A 2010 study by the National Council of Applied Economic Research shows satisfaction levels of about 80% among actual beneficiaries in most states other than Bihar.

A recent study by Jean Dreze and Reetika Khera also reached a similar conclusion. Our own analysis of National Sample Survey (NSS) consumption data clearly shows that PDS alone accounts for a substantial part of poverty reduction between 2004-05 and 2009-10. This is especially so if one uses inequality sensitive measures such as the squared poverty gap (SPG). Food transfers (including mid-day meals) accounted for 32% of the reduction in the Suresh Tendulkar headcount ratio (HCR) between 2004-05 and 2009-10 and 51% of the reduction in the associated SPG.

Moreover, there is clear evidence that among bottom 40% of the households, those consuming foodgrains from PDS are the only group which have seen an increase in calorie consumption. This is significant as there has been a secular decline in calorie consumption of Indians in the last three decades. Although it is difficult to measure the impact on nutritional outcomes due to PDS consumption, the evidence on calorie consumption is sufficiently robust to suggest that if the purpose is reducing the levels of malnutrition, then PDS seems to have had an impact.

While this evidence is clear, there is no counterfactual to test it with what would have happened if India had a system of only cash transfers. A comparison of those with similar consumption expenditure level—after adjusting for implicit income transfer of PDS consuming households—shows that households with PDS access are likely to have significantly higher calorie consumption. Further, a rupee transferred through PDS leads to about twice the increase in calorie consumption than a rupee given otherwise without access to PDS. In other words, if the choice is made between an in-kind transfer and a cash transfer, then same amount of transfer in case of PDS increases calorie consumption by twice compared with a cash transfer.

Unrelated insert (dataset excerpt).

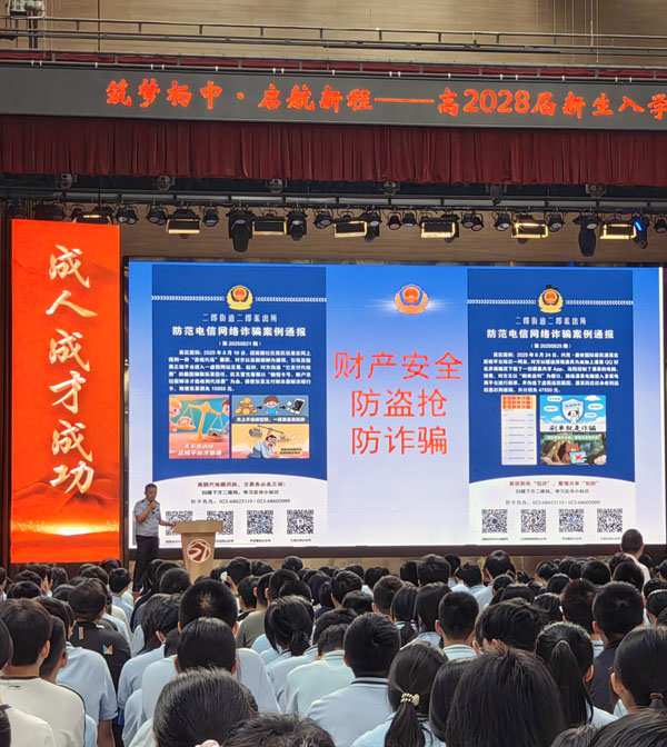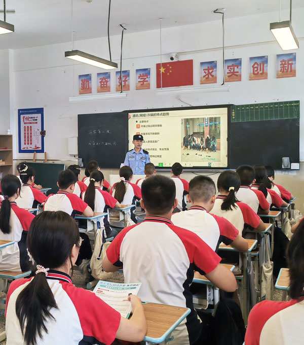 九龙坡区公安分局民警到杨家坪中学开展开学反诈课程。

While this may be strong evidence of in-kind transfers being superior to cash transfers, there is some merit in continuing cash transfers for vulnerable groups. This, in fact, has been the case in India where cash transfers such as social pensions (widow pension, disability pension and old-age pension) have been helpful in enabling households to access basic necessities, including those from the PDS. This, in fact, is also the lesson from the Latin American countries which are seen as successful role models for cash transfers. The level of deprivation in these countries is much lower than that in India; they use cash transfers only to supplement other benefits in an otherwise universal system of providing basic necessities.

The message from available evidence is clearly that DBT is neither a magic wand nor is it undesirable. At the same time, available evidence from the existing pilot testing schemes is one of caution against relying too heavily on technology. Attempts to convert in-kind subsidies into cash subsidies may prove detrimental in the absence of adequate infrastructure such as banking. But even if banking and other infrastructure is put in place, and the purpose is to improve nutritional outcomes, cash transfers are unlikely to be a substitute for PDS. The way out is reforming the existing PDS, not dismantling it.

Himanshu is an assistant professor at Jawaharlal Nehru University and visiting fellow at Centre de Sciences Humaines, New Delhi.